The most distinguishing characteristic of truly free societies, that is to say, those whose governments understand that their right to power devolves from the people and not from any innate right or aggregation of military or police power, is the acceptance and indeed celebration of diversity of thought. This freedom of conscience and the right to freely express the products of that conscience can be moderated, but only under rigorous scrutiny: One may not cry “fire” in a crowded theater just for the sport that’s in it and expect to be sheltered by the state from the consequences of that expression.
It is merely a step from that to criminalizing speech that “incites to riot,” wherein a person organizes, encourages or participates in an act that presents a clear and present danger of injury to other persons or property.
From that to criminalizing speech that may cause offense among those who collectively choose to be offended is just another step, although – in any free society – it is a step entirely too far. When we allow groups to coalesce around their grievances or threaten violence to those that dare to say things they disagree with, we have conceded the power that was freely given to the government by the people as a whole to self-organizing groups of people, thereby empowering passionate minorities to positions of authority over the rest of us.
Indeed, since rights in any truly free society are individual rather than collective, we would encourage groups with every interest in stoking their grievances to do so, empowering them to use the levers of state power to bully and threaten individuals for daring to be heterodox. By doing so we punish that which ought to be protected, and protect that which ought to be punished. It would be a tyranny of the mob and a hole with no bottom.
Which is just where we in the West are headed, according to George Washington University law professor Jonathan Turley:
History has shown that once governments begin to police speech, they find ever more of it to combat. Countries such as Canada, England and France have prosecuted speakers and journalists for criticizing homosexuals and other groups. It’s the ultimate irony: free speech curtailed for the sake of a pluralistic society…
Not only does this trend threaten free speech, freedom of association and a free press, it even undermines free exercise of religion. Challenging the beliefs of other faiths can be part of that exercise. Countries such as Saudi Arabia don’t prosecute blasphemers to protect the exercise of all religions but to protect one religion.

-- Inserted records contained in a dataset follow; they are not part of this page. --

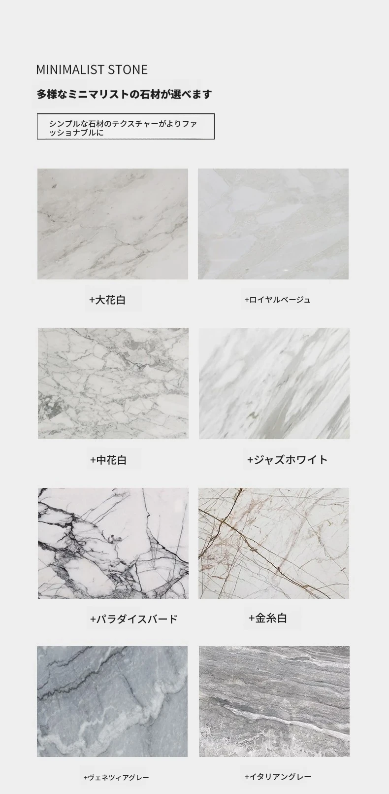 天然の石材は、各ブロックの模様が異なり、板の選択をサポート
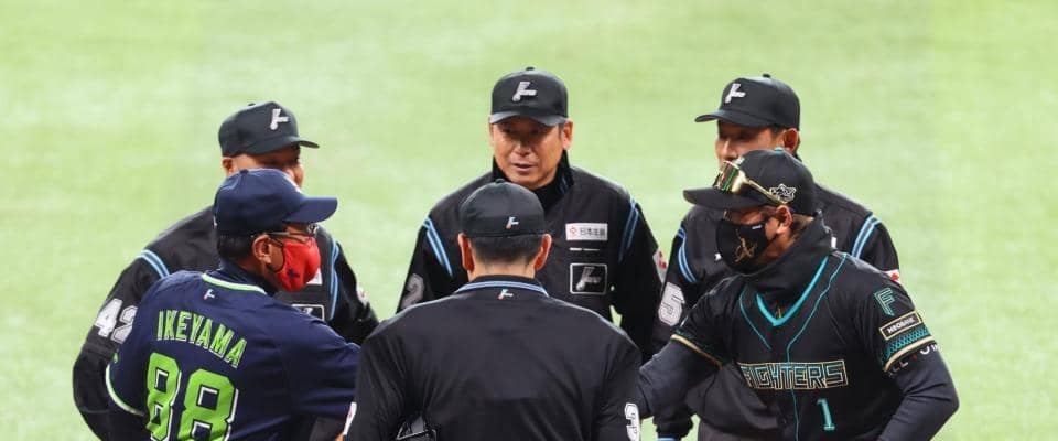 「オープン戦、日本ハム-ヤクルト」(20日、エスコンフィールド) 試合前のメンバー表交換で、ヤクルトの池山隆寛監督が赤…
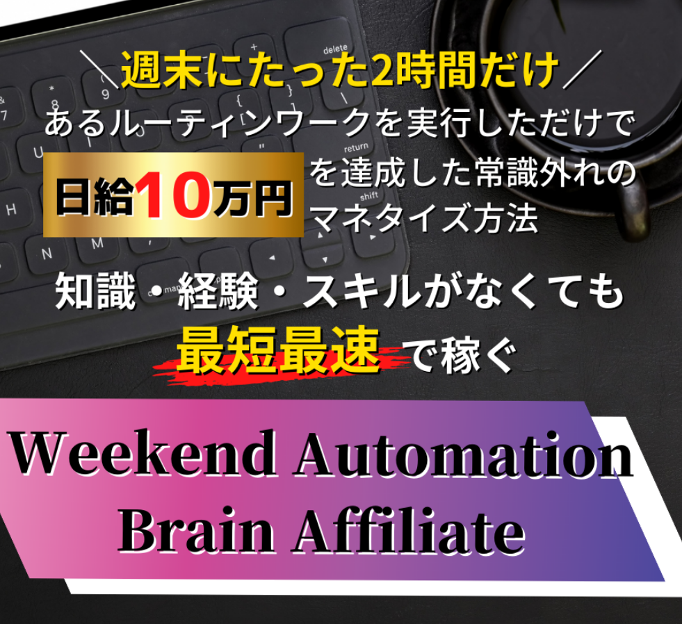 0→1突破に特化したチート手法に興味がある方はぜひ、「Weekend Automation Brain Affiliate」をお試しください!
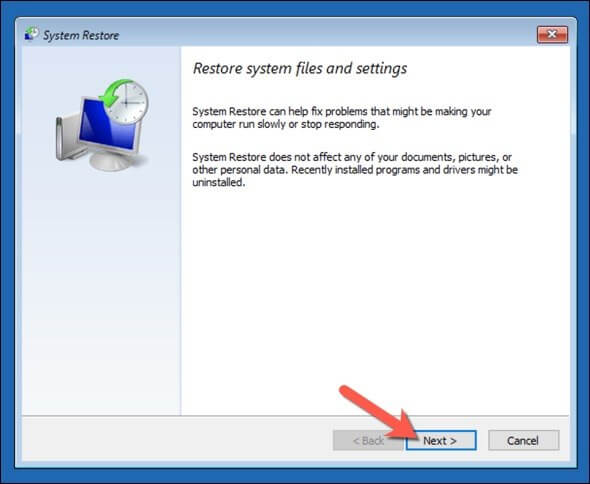 - Select the system restore point you created before you ran the Driver Verifier tool from the list provided, then select **Next** to continue.
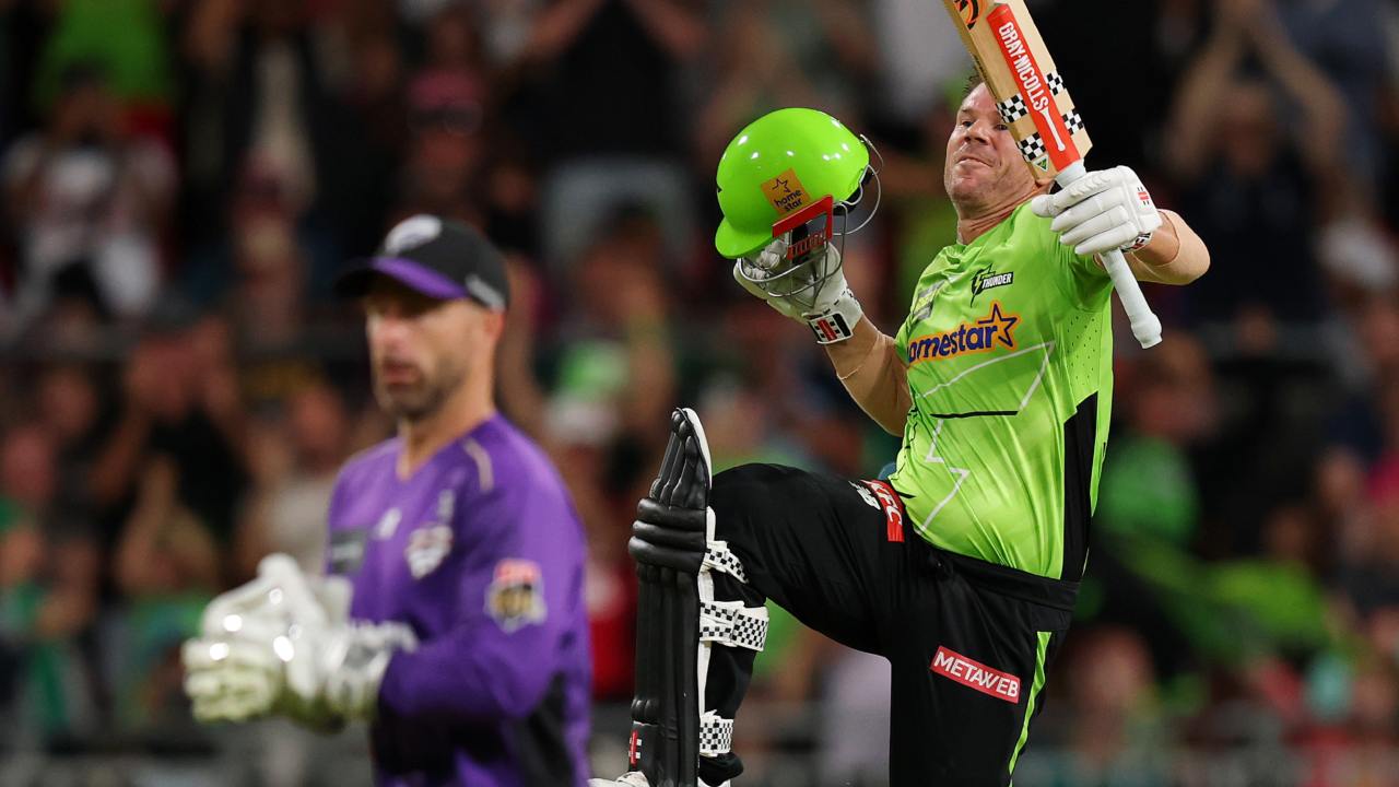 डेविड वॉर्नर बिग बैश लीग 2025-26 में सिडनी थंडर के लिए खेल रहे हैं। उन्होंने होबार्ट हरिकेंस के खिलाफ लीग के 21वें मुकाबले में शानदार पारी खेलते हुए शतक जड़ा।
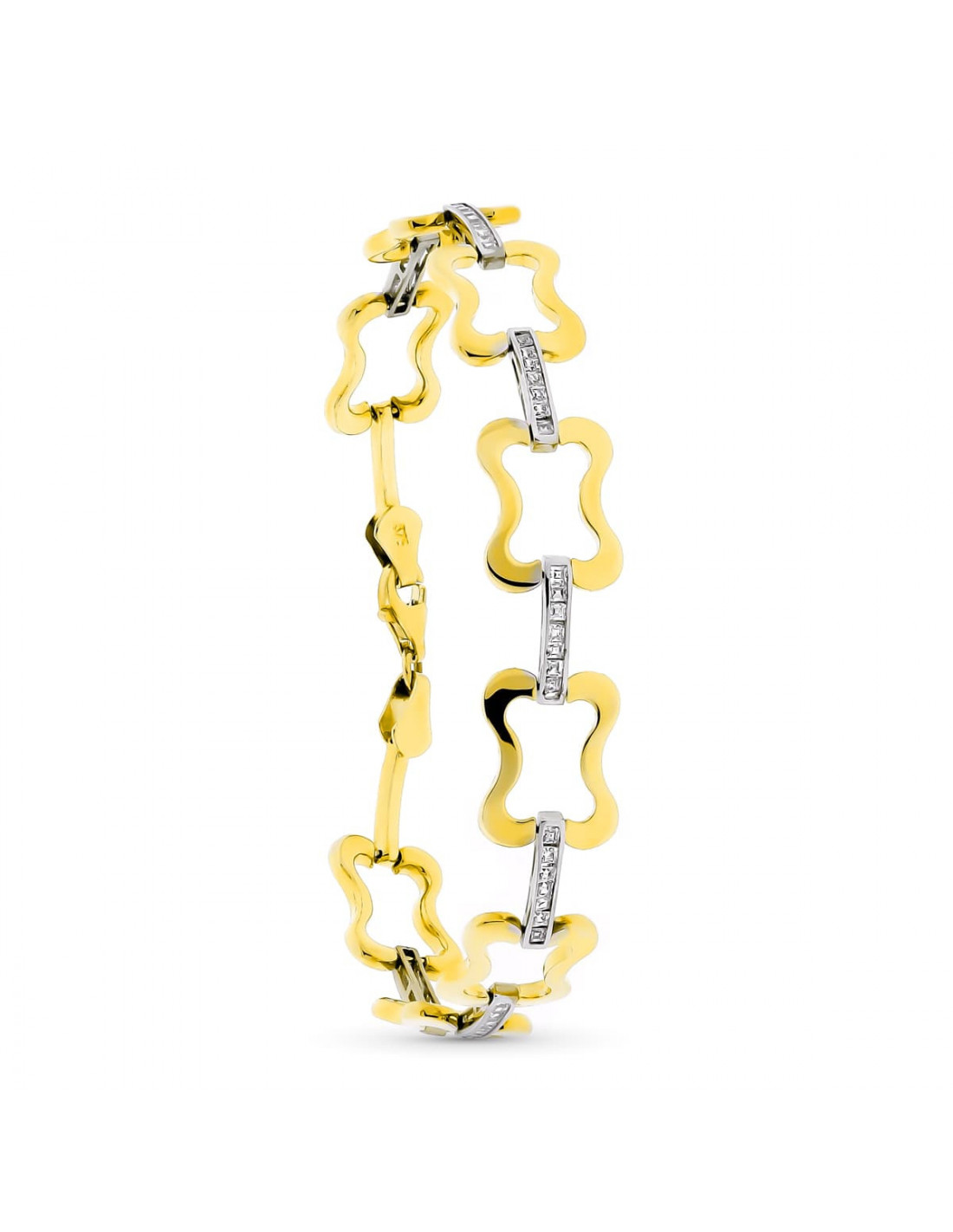 9K PULSERA ORO BICOLOR CON CIRCONITAS 19 CM

Religious orthodoxy has always lived in tension with free speech. Yet Western ideals are based on the premise that free speech contains its own protection: Good speech ultimately prevails over bad. There’s no blasphemy among free nations, only orthodoxy and those who seek to challenge it.
Many of those who established this country came here to escape the religious oppression inherent in state-imposed orthodoxy of thought and conscience. Our founders enabled, tolerated and indeed encouraged the free and open expression of ideas in a marketplace that sorted them out according to value. This is the fundamental underpinning our society, and it serves to legitimize the power of government of and by the people, not over them.

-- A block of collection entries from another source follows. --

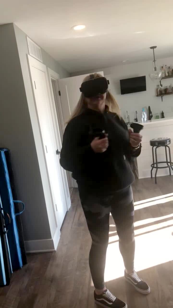 A compilation of clips where two women scare another woman repeatedly throughout the house.
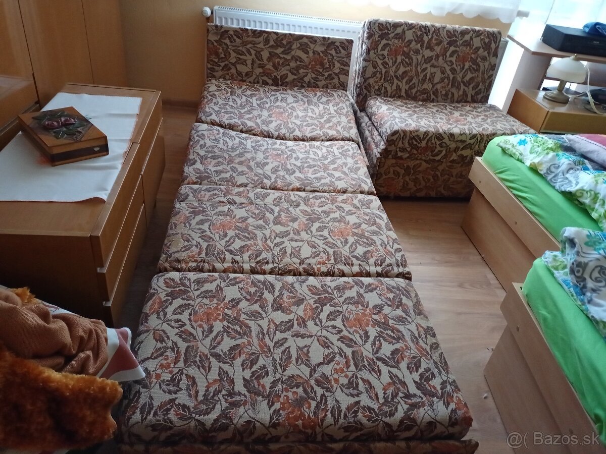 Pekná kvetinová rozťahovacia sedacia súprava a kreslá - [1.3. 2026]Predám peknú secesnú rozťahovaciu kvetinovú sedaciu súpravu. Pozostáva z rozťahovacieho gauča a dvoch kresiel.Sedačka je zánovná.
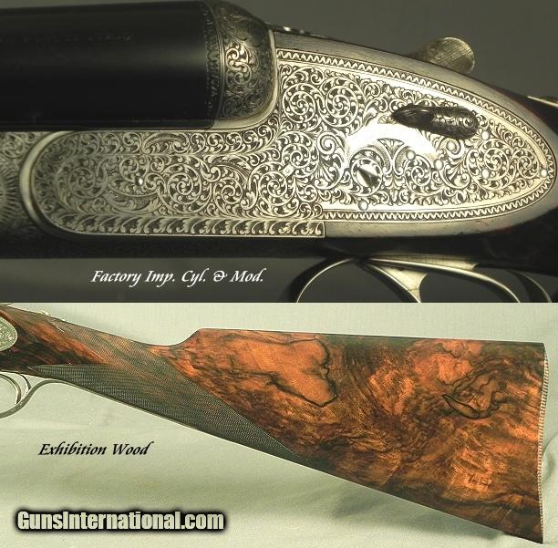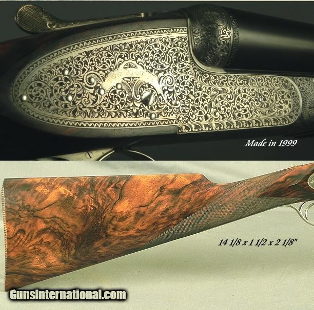 Description: #9539, Fratelli Piotti, Gardone Val Trompia, Brescia Italy, Best-Quality Model King Royal Hand Detachable Lock Bar Action Sidelock Ejector 16 Bore Made in 1999 that remains like new, 28” Chopper Lump barrels at 17mm = .672 .009 & .018 ( Imp.Cyl. & Mod.), 2 3/4”, KG 1,180 weight barrels, The action body made out of a solid block of Boehler steel, The locks completely made in house by the family lock maker Mr. Fabio Piotti, Matted concave top rib, Double triggers with the front articulated, "F.lli Piotti" in Gold on both locks, Rolled trigger guard edge for the right hand, Splinter game forend, Straight hand stock at 14 1/8 x 1 1/2 x 2 1/8” over a full face checkered butt, Slight cast-off for the right hand, Great game gun weight at 6 lbs. 4 oz., 99% coverage of gorgeous and superb H&H Royal Style engraving by Pantechini on a coin finished frame. It has nicely carved fences and a carved frame. It has absolute Upgraded Wood and has an Exhibition piece of European Walnut with excellent color & contrast of deep brown & black. This piece has 3 retainer screws which secure key screws on the trigger guard tang and forend iron. The whole is cased in the maker's leather trunk with a trade label. This very nice 16 Bore Game Gun remains totally original and in nearly new condition. The metal remains in 99% factory original condition and the wood certainly at 97%. The checkering remains at 99%. Here is another Classic Piotti game gun with the proper size action body and the neat weight of 6 Lbs. 4 Oz. for 16 Bore gunning by one of the leading gunmaking firms in the world. This is a treasure in the field and in the gun cabinet. SOLD |

Ours is a glorious, vibrant, and occasionally raucous experiment in personal liberty by self-government, a notion that runs contrary to many ten thousand of years of miserable human experience. That experiment is not yet demonstrably and finally a success, but, for my own part, I will live no other way.
Update: The alternative.
DUBAI, United Arab Emirates (AP) – The first line of his first blog from Tehran in September 2006 asks: “What is freedom?”
Omidreza Mirsayafi answered his own question. “I don’t know,” he wrote, “but I know someday I will see its shadow falling on my land.”

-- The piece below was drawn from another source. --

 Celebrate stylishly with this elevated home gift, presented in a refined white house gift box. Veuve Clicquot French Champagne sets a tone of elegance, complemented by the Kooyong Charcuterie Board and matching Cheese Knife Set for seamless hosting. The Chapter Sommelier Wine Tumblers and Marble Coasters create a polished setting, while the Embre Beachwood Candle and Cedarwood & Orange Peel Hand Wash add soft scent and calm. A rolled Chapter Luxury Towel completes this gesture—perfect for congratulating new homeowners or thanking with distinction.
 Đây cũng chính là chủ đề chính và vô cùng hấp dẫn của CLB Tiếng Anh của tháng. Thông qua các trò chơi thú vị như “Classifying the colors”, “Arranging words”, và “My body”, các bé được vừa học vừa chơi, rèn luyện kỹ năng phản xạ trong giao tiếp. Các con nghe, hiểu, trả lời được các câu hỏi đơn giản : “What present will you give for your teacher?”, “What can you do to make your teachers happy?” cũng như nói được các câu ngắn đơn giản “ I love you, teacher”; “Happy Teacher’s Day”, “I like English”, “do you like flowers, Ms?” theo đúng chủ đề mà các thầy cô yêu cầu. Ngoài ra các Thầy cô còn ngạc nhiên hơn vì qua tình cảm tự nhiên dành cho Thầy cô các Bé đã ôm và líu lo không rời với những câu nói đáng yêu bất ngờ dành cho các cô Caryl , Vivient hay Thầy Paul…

Two and half years later, from behind the gray walls of Tehran’s Evin Prison, he phoned his mother. They talked about his battle with depression behind bars. She asked if he was taking his heart medicine.
A few hours later, on a chilly mid-March evening, the 29-year-old Mirsayafi was dead. He was Iran’s first known casualty in the skirmishes between bloggers challenging the Islamic regime and authorities striking back with the tools they know best—imprisonment and intimidation.



Capt Phillips went for swim call, 3 pirates went to collect their virgins…er…Virginians…
BZ, BAINBRIDGE crew and I suppose, some SEALs who were never there and you didn’t see them…
There have always been limits on “free” speech in reasonable societies. Most of us denizens here have been in one of them the US military. The example of yelling fire in a crowded theater, for the sheer sport of it, is certainly a good example in the larger society.
However, only a tyranny will try to curtail the flow of information, and they tend to specialize in anything that might cause a threat to the regime. PC speech codes fall under that heading as the poverty pimps, the racial hustlers, and the falsely labeled “gay rights” pushers (who are the true homophobes) are threatened in multiple ways by the truth. As we are seeing in the global warming hustle, even science is threatened by such things.
No society can survive such threats, as history attests.